If you decide to grow big be patient and buy someone out when they retire.... Especially if someone is leaving you hints that you are in the "wrong" place. Prudent judiciousness will save you time and heartache if nothing else. 

With all the technology today...... With Satellites, Remote control aircraft, Regular planes, Spy cameras, gps units.... Its fairly easy to find a jumper for those willing to invest the time to "secure" their beespace. Those who are known to bee "wise" in finding new yards wisely utilize the same resources and make sure they aren't in the wrong spot before the put bees in that big "new" yard... be they new or old at this business.:thumbsup:

Don't expect that your hives will be Bee "GHOSTS" IN their new yards... Someone is already looking out for them before you even put them down. . Guaranteed. :shhhh:


----------



## loggermike (Jul 23, 2000)

Very well said, Honey4 all. All the best territory was taken long ago in California.Over the years I managed to step on some toes , and got mine stepped on too! As a general rule, if it looks like a great bee location, it is already taken.


----------



## Markwell (Jan 17, 2013)

Beekeeping turf wars begin when beekeepers start using shanks instead of their normal beekeepers tools.


----------



## Honey-4-All (Dec 19, 2008)

Markwell said:


> Beekeeping turf wars begin when beekeepers start using shanks instead of their normal beekeepers tools.


:scratch: Shanks ? :scratch:


----------



## BeeGhost (May 7, 2011)

Honey-4-all,

I appreciate your advise. I do believe that I am not cutting in on anyone by obtaining this spot. It isn't like this is a whim. This has been in the works for a few months, and I am quite sure the farmers I am dealing with have talked to the long time beekeeper, due to the questions that were asked of me when I met with the farmer to go to the location that I can place my hives. I was asked how many hives, my answer is no more than twenty, the number of hives I can fit on my 16' trailer. I also stated that they will always be on the trailer and not set on the ground, that way if I need to move them in a hurry, I can strap down, hook up and roll and be out in one trip. 

Now I havnt met the commercial guy yet, but I would like to. I am sure he is getting ready for almonds, but not positive. Actually, I don't even know how many hives this guy has, since the farmer actually has a guy come from Washington to pollinate his 600 acres of almonds. 

Im not out to cut anyones throat. Im not out to undercut someones honey prices to have the local health food store carry my honey. And I sure don't plan on getting big enough to have to warrant buying specialized equipment.

If any of you on here have hives in the Manteca/Tracy/Lathrop area..........feel free to PM me and I will tell you exactly where I plan to put my bee trailer. Or if you know the person in those areas, or people in those areas, again, feel free to PM me.
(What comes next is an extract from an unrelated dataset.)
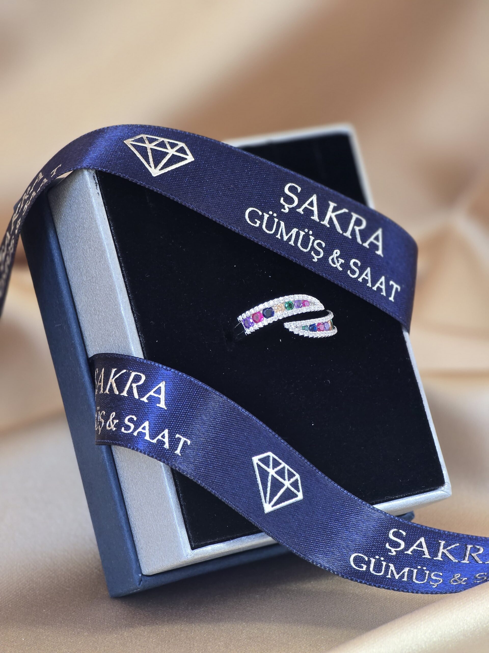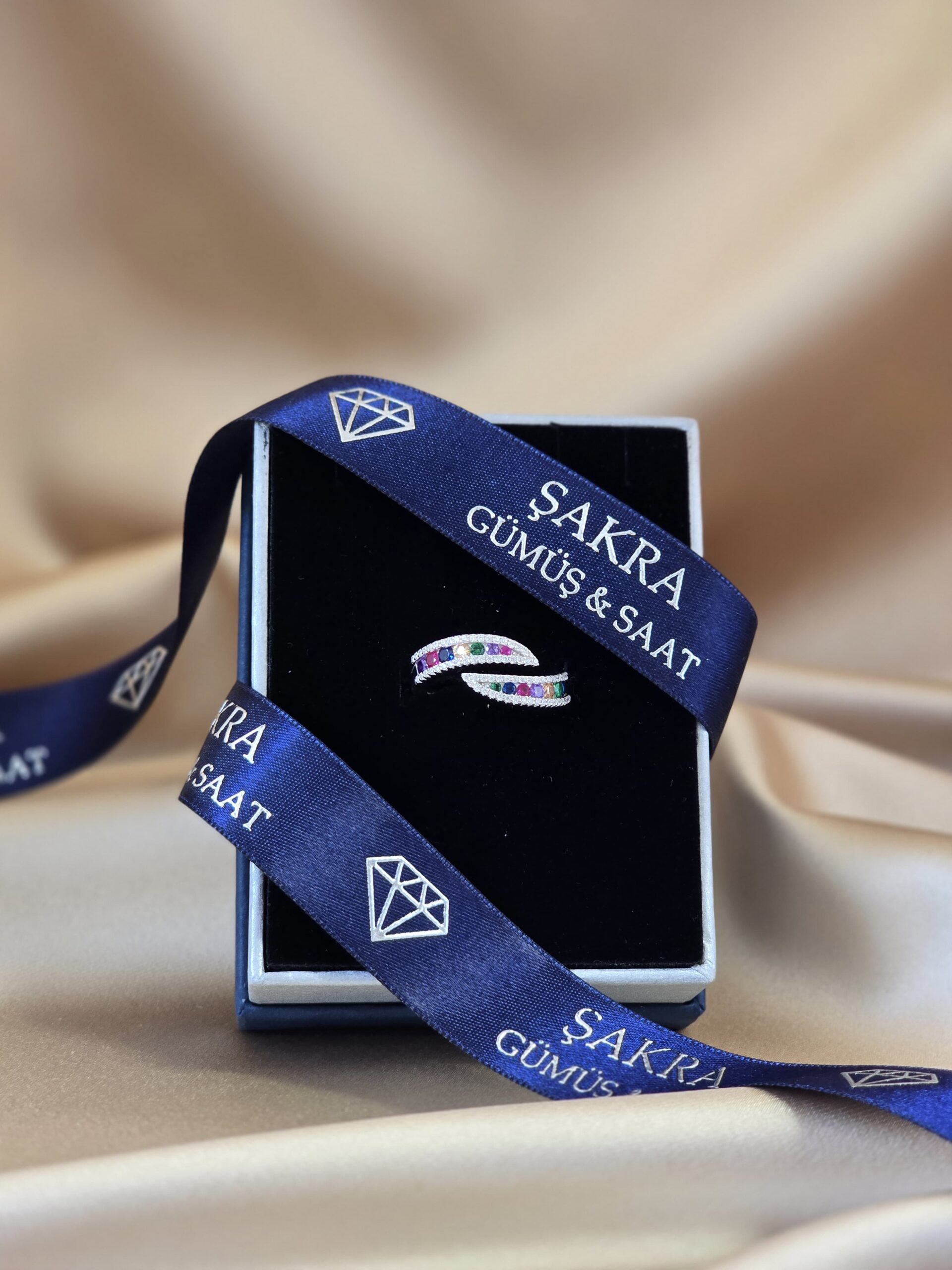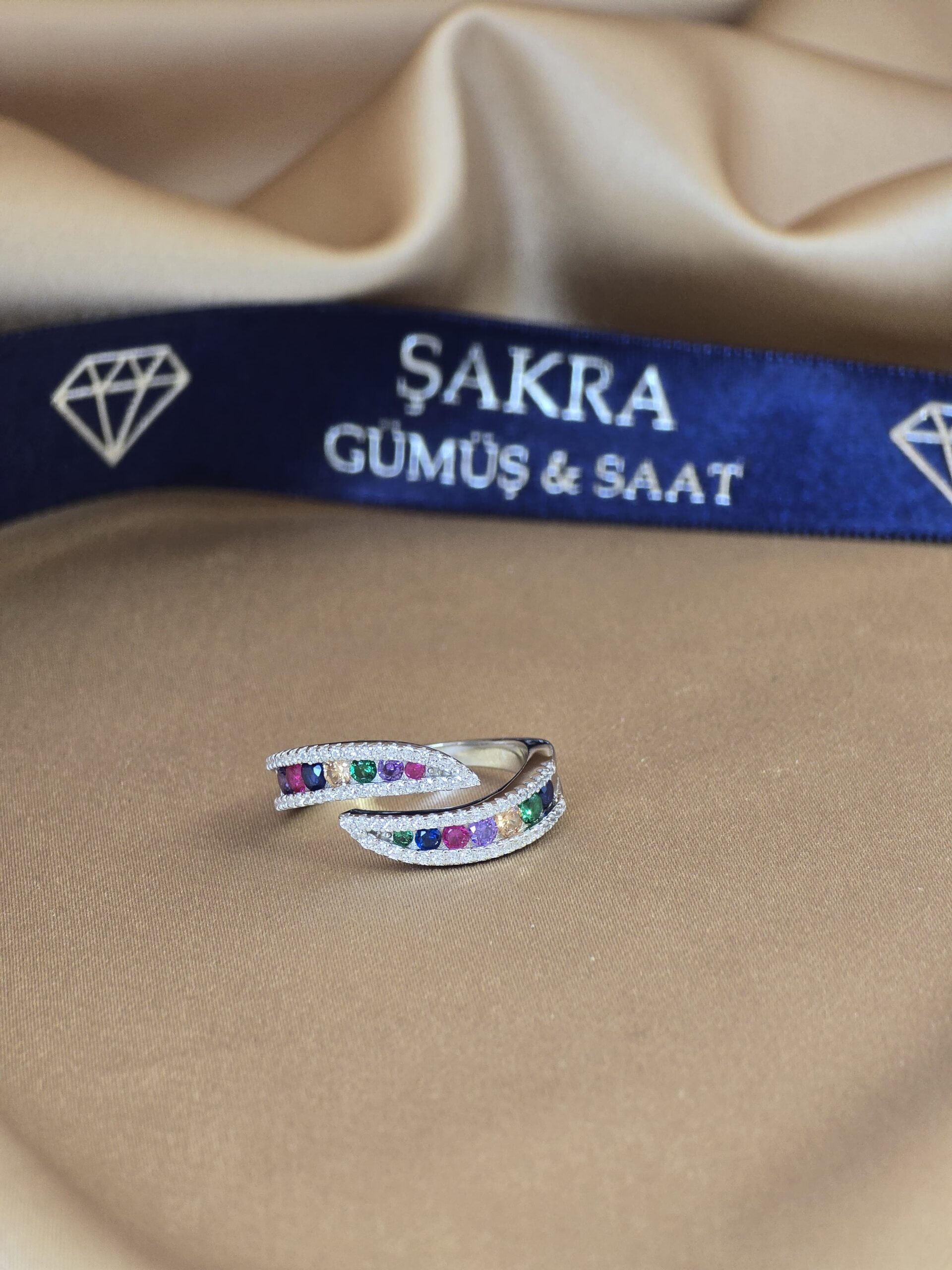 Şakra Gümüş & Saat’in özel koleksiyonunda yer alan bu renkli taşlı sarmal yüzük, şıklığı ve enerjiyi bir araya getiriyor.

And another question, why would a commercial guy care about someone with 20 hives compared to their..........who knows how many hives? 

Looks like I have ruffled some feathers, didn't mean to by any means, just basically found a place to keep my HOBBY close to home and now I feel like I am being treated like a claim jumper.


----------



## sfisher (Sep 22, 2009)

How does someone define someones beespace, in miles or acres.


----------



## Markwell (Jan 17, 2013)

Honey-4-All said:


> :scratch: Shanks ? :scratch:


A shank is a crudely, improvised knife (also called a shiv).
It was a joke, dear sir.


----------



## sqkcrk (Dec 10, 2005)

BeeGhost said:


> Just because, I remember when I first came onto this site one of the threads I read was talking about how some beekeepers would run over other beekeepers hives in the citrus orchards in Florida. And also about that poisoning of bees that happened there a well. The thing that got the wheels turning on this is seeing the hives starting to arrive for almond pollination, and how I am seeing adds on Craigslist for lower than the going price, basically cut throat stuff. Just curious is all. If you need more information, feel free to ask if this answer is not good enough for you. Better yet, PM me if you think I have left something out.


Thanks. Just curious about where you were coming from.

Turf wars happen. I imagine in all industries.


----------



## sqkcrk (Dec 10, 2005)

BeeGhost said:


> Honey-4-all,
> 
> I appreciate your advise. I do believe that I am not cutting in on anyone by obtaining this spot. It isn't like this is a whim. This has been in the works for a few months, and I am quite sure the farmers I am dealing with have talked to the long time beekeeper, due to the questions that were asked of me when I met with the farmer to go to the location that I can place my hives. I was asked how many hives, my answer is no more than twenty, the number of hives I can fit on my 16' trailer. I also stated that they will always be on the trailer and not set on the ground, that way if I need to move them in a hurry, I can strap down, hook up and roll and be out in one trip.
> 
> ...



Correct me if I am wrong, but, it looks like you are planning on setting 20 hives in or adjacent to an almond grove perminently. Is that right? A grove that a commercial beekeeper gets paid to pollinate? If that's accurate, that 20 fewer hives which the grove owner needs to pay for. So, in effect, you are taking money out of someones pocket, if that is so.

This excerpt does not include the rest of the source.